Lecture 24 - Introduction to Forecasting

Penelope Pooler Eisenbies
BUA 345

2024-04-10

Housekeeping

Upcoming Dates

HW 9 is due on Monday, 4/15.
- Grace Period ends tonight (Tues. 4/16) at midnight.
HW 10 will be posted on 4/16 is due Monday, 4/22
Lecture 26 on Thu. 4/18 is Optional.
No Lecture on 4/23
Course Review on 4/25
NEW PACKAGE FOR FORECASTING: forecast
- If you are having trouble installing/loading any packages or components of R or RStudio, please come to office hour or make an appointment with me.

💥 Lecture 24 In-class Exercises - Q1 - Review 💥

Session ID: bua345s24

We have data for 2022 annual salaries of 75 Upstate NY residents ranging from $50K to $150K and we use that data to model how much someone spends on their first house.

Is it valid to apply that model to someone with an annual salary of $350K?

A. Yes, this is extrapolation and it is valid.

B. No this is extrapolation and it is invalid.

C. Yes, this is interpolation and it is valid.

D. No this is interpolation and it is invalid.

Introduction to Forecasting

Today’s Topics:

Cross-Sectional Data vs.
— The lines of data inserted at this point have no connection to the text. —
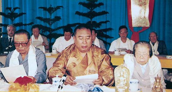 圖為習(xí)仲勛(左一)、十世班禪(中)、鄧穎超(右一)、參加中國(guó)藏語(yǔ)系高級(jí)佛學(xué)院成立大會(huì)。圖片來(lái)源:人民日?qǐng)?bào)
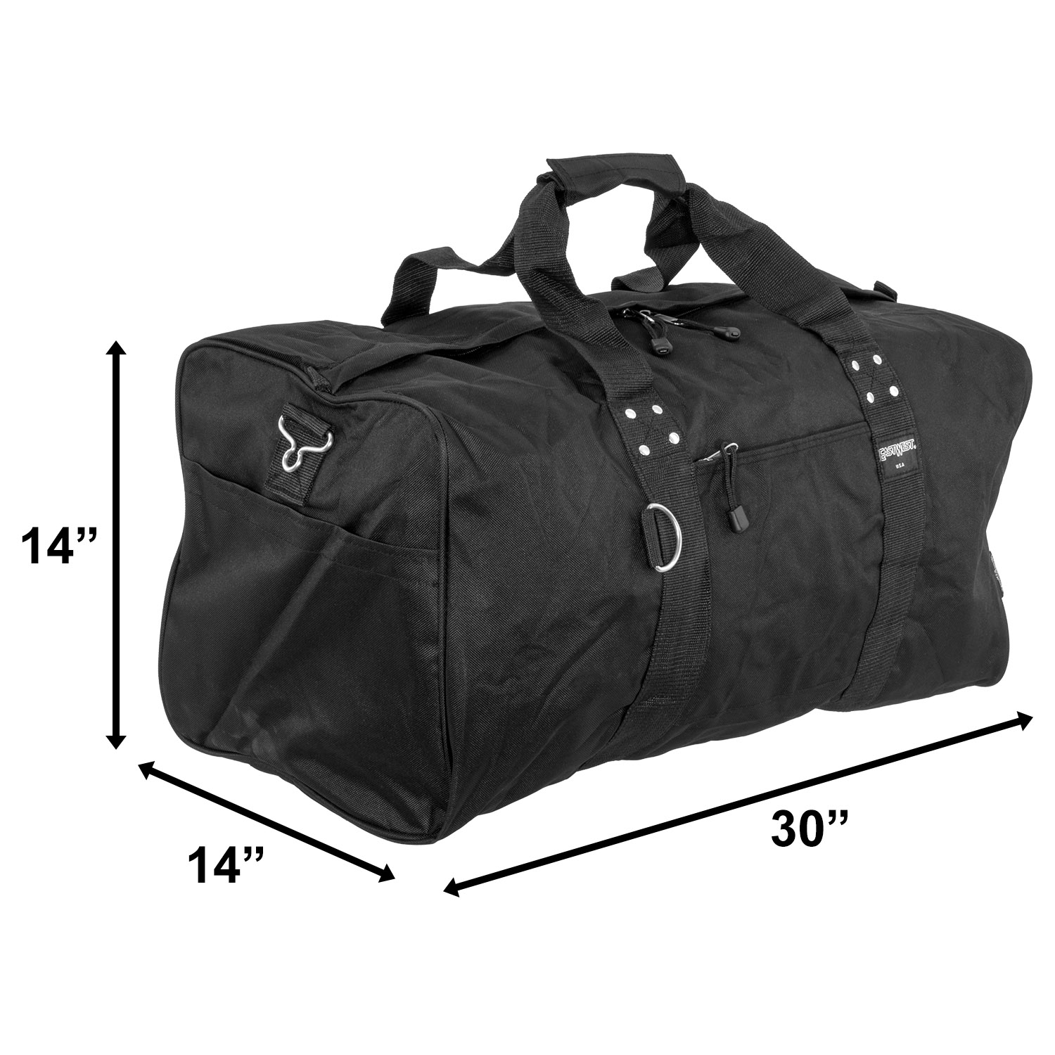 Product SummaryElevate your on-the-go essentials with the rugged East West USA 30" Sports Duffle Gear Gym Travel Bag, engineered for adventurers and fitness enthusiasts who demand reliability without compromise. Crafted from tough 600 Denier Polyester, this spacious duffle withstands the rigors of gym sessions, weekend getaways, or team sports with effortless style. Its expansive main compartment zips open wide for quick packing, complemented by smart side and front pockets that keep gear organized and accessible. Whether you're hauling workout clothes or travel necessities, the adjustable shoulder strap and padded handle ensure comfortable carrying on every journey. This duffle bag combines durability, functionality, and a sleek black finish to stand out in a sea of ordinary bags. 600 Denier Polyester Construction for Unmatched DurabilityBuilt tough with high-grade 600 Denier Polyester, this duffle bag resists tears and abrasions, making it the ideal companion for intense workouts or rugged travel. It delivers premium quality that outlasts competitors in demanding conditions. Spacious Zippered Main CompartmentThe large main compartment opens fully with a heavy-duty zipper, providing ample room for clothes, shoes, and gear while allowing easy visibility and access. Its square design maximizes storage without bulk, perfect for efficient packing on the fly. Multiple Pockets for Organized StorageFeaturing one zippered front pocket for valuables, plus two convenient side pockets for water bottles or quick-grab items, this bag keeps your essentials sorted and secure. No more rummaging, everything has its place for a stress-free experience. Adjustable Detachable Shoulder Strap and Padded HandleCarry in comfort with the padded Velcro handle for short hauls or the fully adjustable, detachable shoulder strap for longer treks. This versatile design adapts to your needs, reducing strain and enhancing portability. Versatile for Gym, Sports, and TravelFrom gym rats to road warriors, this 30-inch duffle excels in versatility, offering the capacity and toughness to handle daily commutes or extended trips. Its classic black aesthetic pairs seamlessly with any outfit or vehicle, ensuring it's a go-to choice for active lifestyles. Features
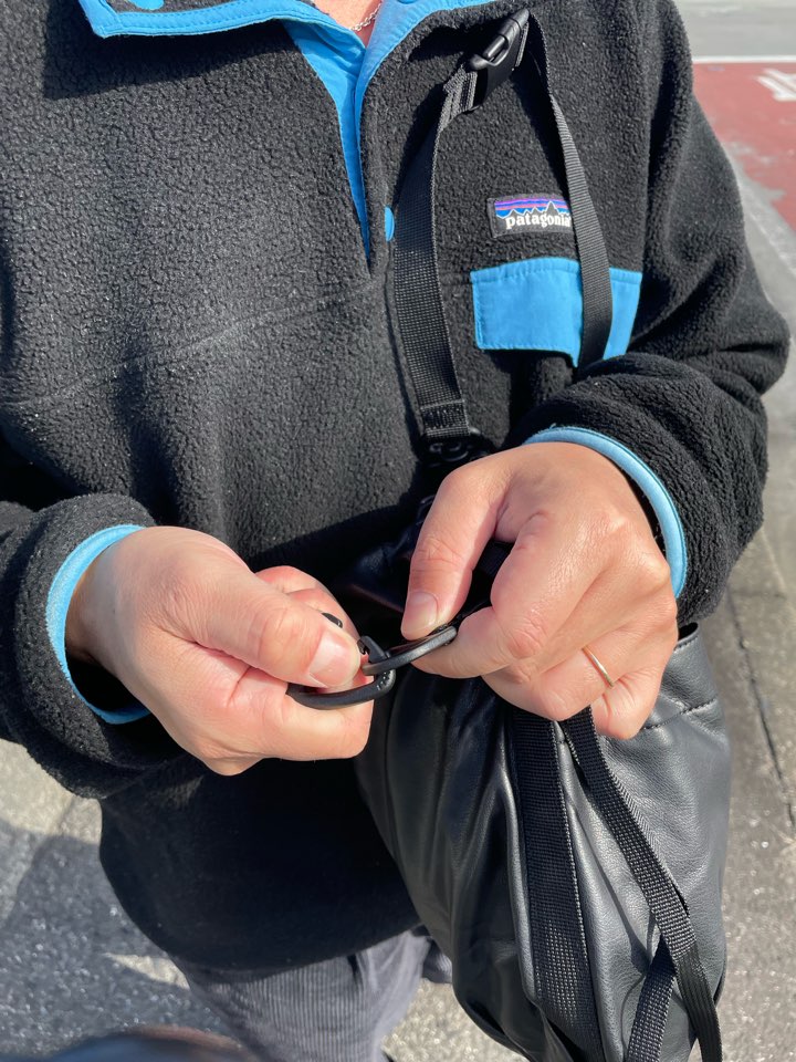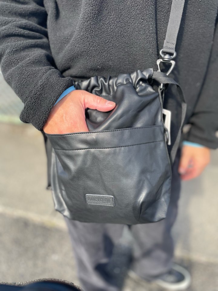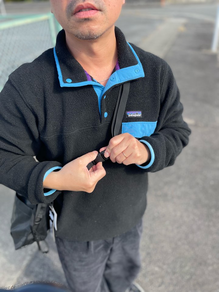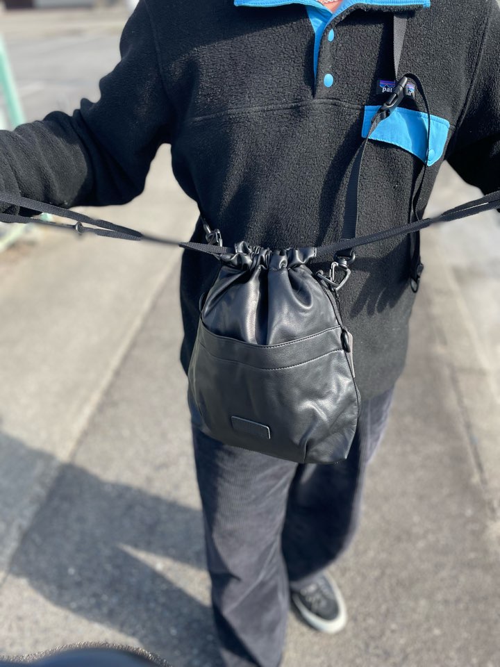 ストラップ部分も簡単にアジャストできる仕様で、口部分にスナップボタンも付いているので防犯的にも安心です。
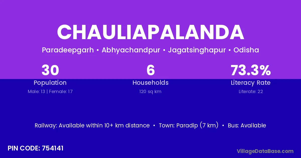 Paradip (7 km) is the nearest town to Chauliapalanda village for major economic activities and is located approximately 7 km away.
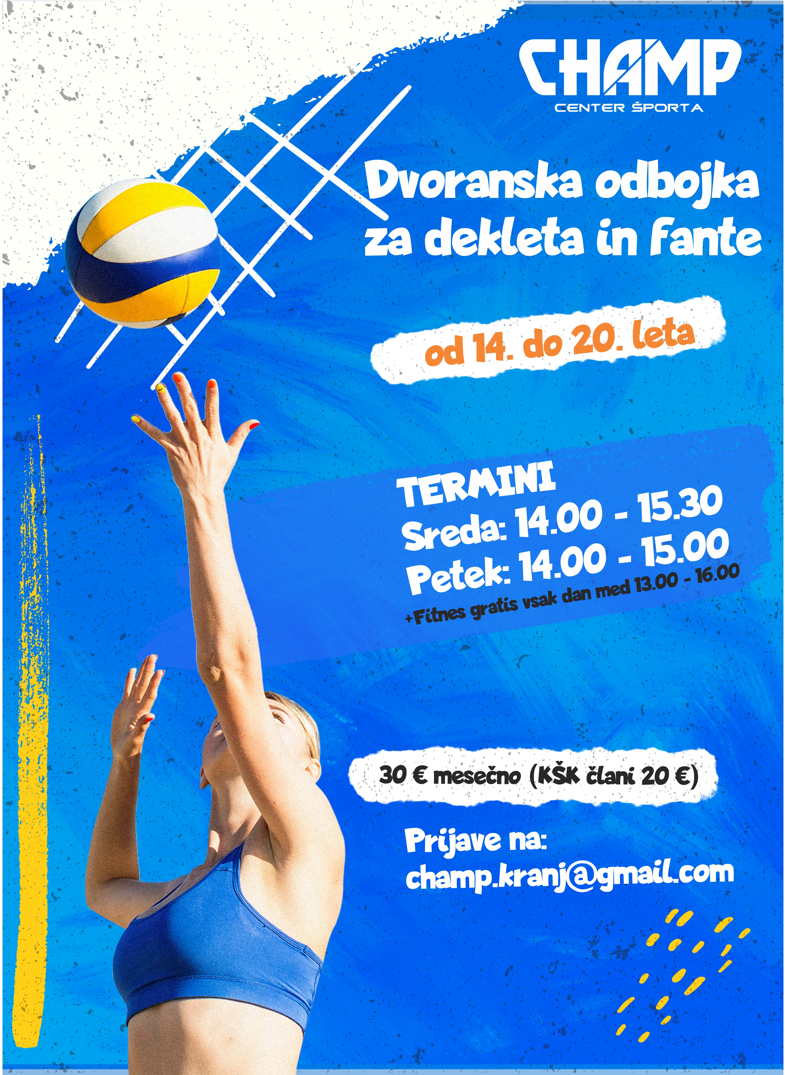 Dvoranska odbojka je namenjena vsem dijakom in študentom od 14. do 20. leta. Potekala bo 2x tedensko in sicer:
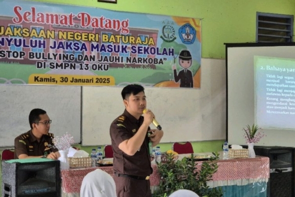 Baturaja,transnewss.com – Tim Intelijen Kejaksaan Negeri (Kejari) Ogan Komering Ulu (OKU) kembali menggelar kegiatan Jaksa Masuk Sekolah (JMS) di SMPN 13 OKU pada tanggal 30 Januari 2024. Kegiatan ini diikuti oleh siswa-siswi sekolah tersebut dengan tema “Cyber Bullying dan Penyalahgunaan Narkoba”.

Time Series Data
Basic Forecasting Terminology
Forecasting Trends without Seasonality in R
- Example 1 - US Population
- Example 2 - Netflix Stock Prices
HW 10 will be posted on 4/16
- The first part of HW 10 pertains to today’s leecture.

Cross-Sectional Data

Shows a Snapshot of One Time Period

Time Series Data

Shows Trend over Time

U.S. Population - Cross-Sectional Data

Population by County in 2019

U.S. Population - Time Series Data

U.S. Population 1950 - 2023

Time Series Terminology

In time series data, new observations are often correlated with prior observations

This is referred to as auto-correlation
- A variable is correlated with itself
- When data are auto-correlated, we use that information
- This process is called auto-regression
  - Using previous observations to predict into the future.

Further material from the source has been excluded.